La sentencia del Tribunal Constitucional que desconoce el instrumento de aceptación de la competencia de la Corte Interamericana de Derechos Humanos (CIDH) se basa en que se obvió el requisito constitucional de enviarlo al Congreso. La omisión correspondió al entonces presidente Leonel Fernández, quien en una conferencia reciente en la sede de la OEA de hecho desconoció la competencia que él había aceptado como jefe del Estado. ¿Cómo describir esa ambigüedad sobre un tema de tanta trascendencia?
Aceptando la línea de razonamiento de quienes rechazan esa competencia, cabría preguntarse entonces si el señor Fernández no se excedió en sus atribuciones, incurriendo así en un abuso de poder, que las leyes y la propia Constitución, la actual y la anterior, vigente al momento de producirse, sancionan. Y vale insistir si lo dicho por el exmandatario en Washington constituye un acto de patriotismo, como se pretende, o una acción de descarada irresponsabilidad, ante el hecho de que los efectos de su omisión le han traído al país un problema enorme, colocando al gobierno del presidente Medina en una encrucijada que ha tratado de salvar con la diplomacia y el buen sentido que a su antecesor faltaron.
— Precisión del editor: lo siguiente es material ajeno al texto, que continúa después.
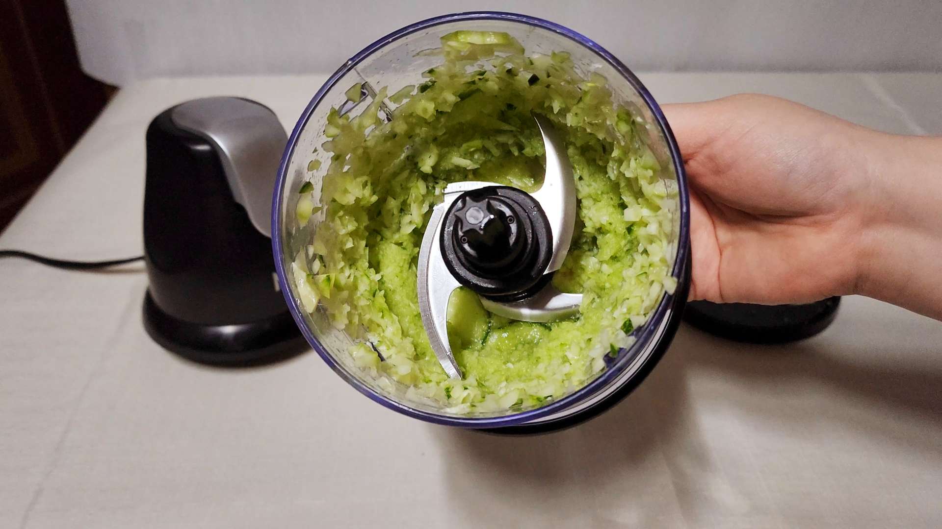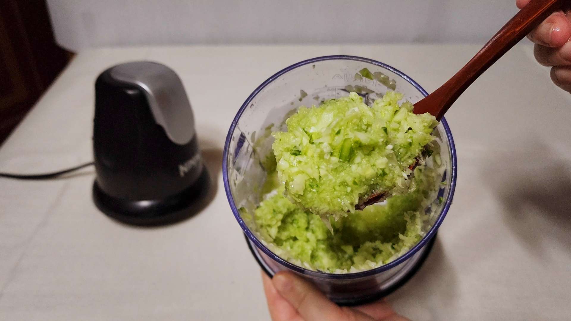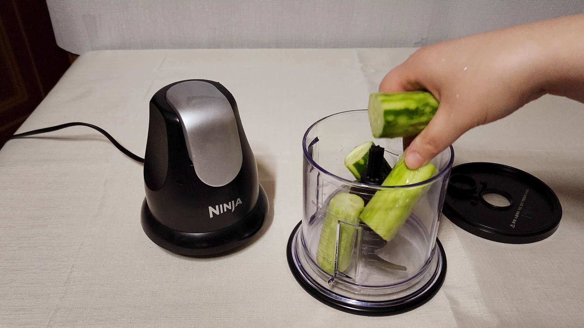 오이 1개는 큼직하게 잘라 닌자 프로페셔널 초퍼 다지기로 다져줍니다.
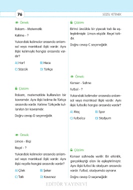 A) Çilek B) Şeker vardır. Futbol, stadyumda oynanır.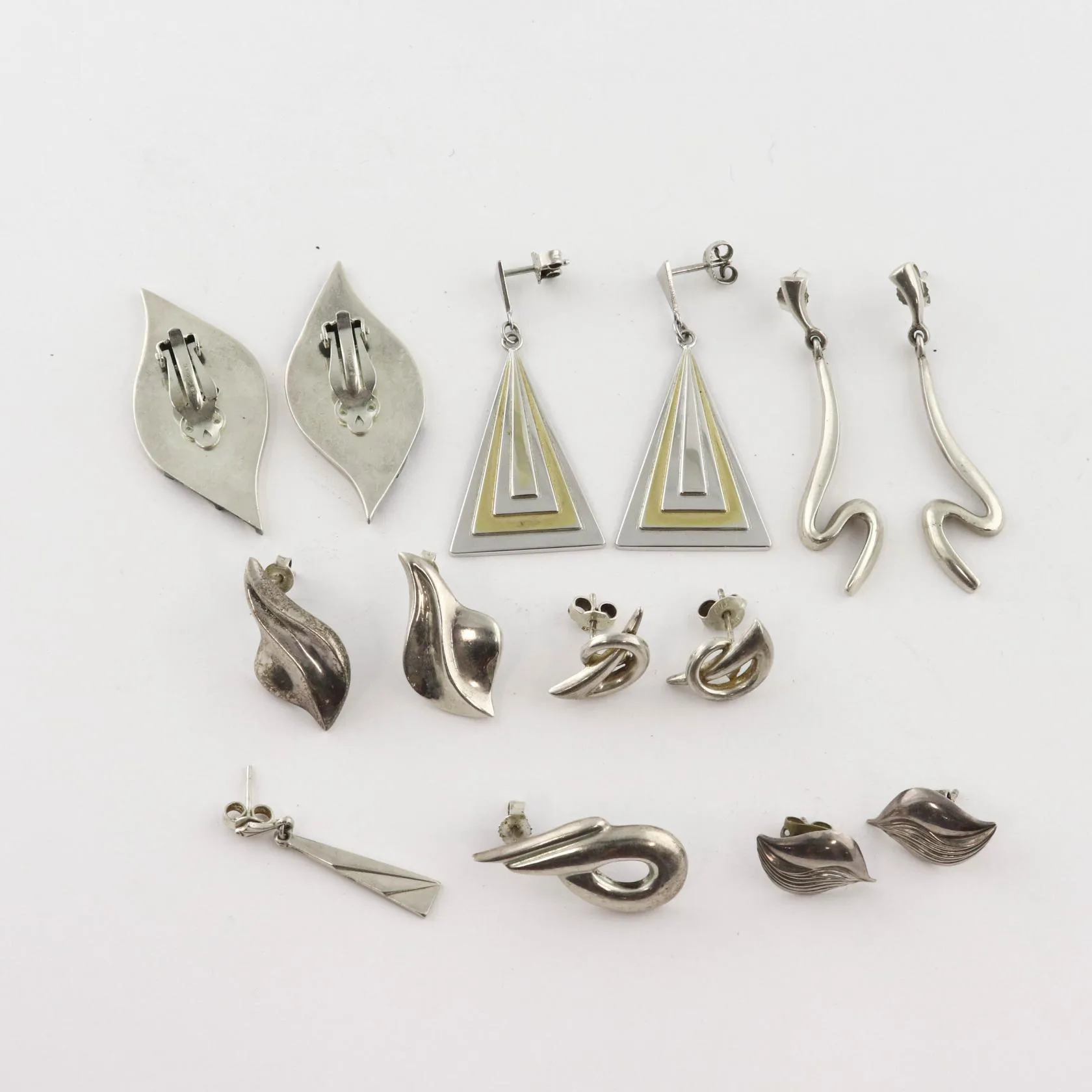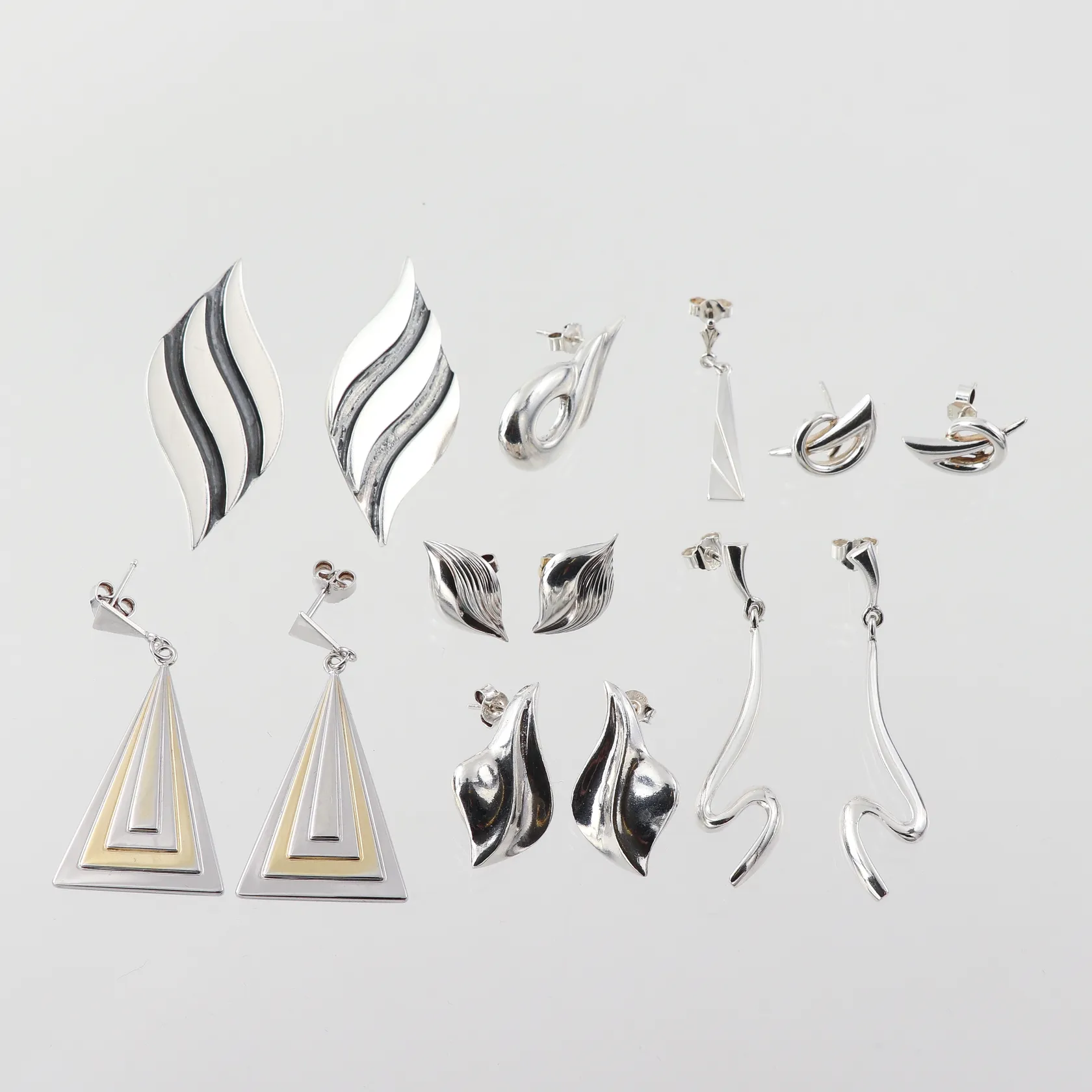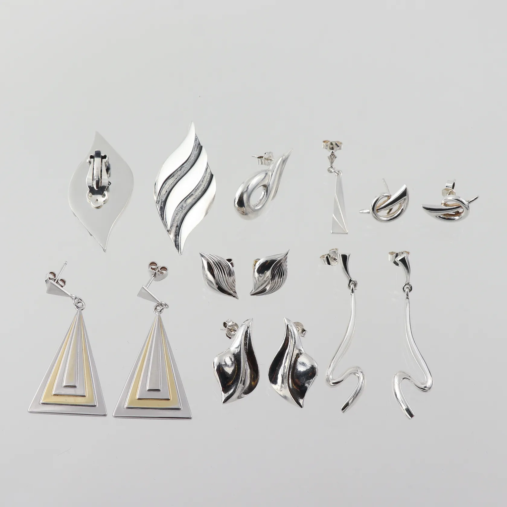 Parörhängen 6st silver varav ett par klipps + 2st udda örhängen silver Vikt: 42,7 g.

No se trata de enjuiciar la autoridad del tribunal dominicano como último intérprete de la esfera constitucional. Lo que si fascina es el hecho de que el expresidente Fernández cuestionara tácitamente una de sus decisiones más importantes en el campo internacional, al rechazar ahora lo que en 1999 aceptó como bueno y válido, por entender como sostienen expertos en la materia, que la ratificación de la Convención Americana de Derechos Humanos de hecho implicaba el reconocimiento de todos sus órganos y responsabilidades. Su excesivo protagonismo lo hacen contradecirse, llevándole de un error tras otro, con una secuela emocional y política para la república.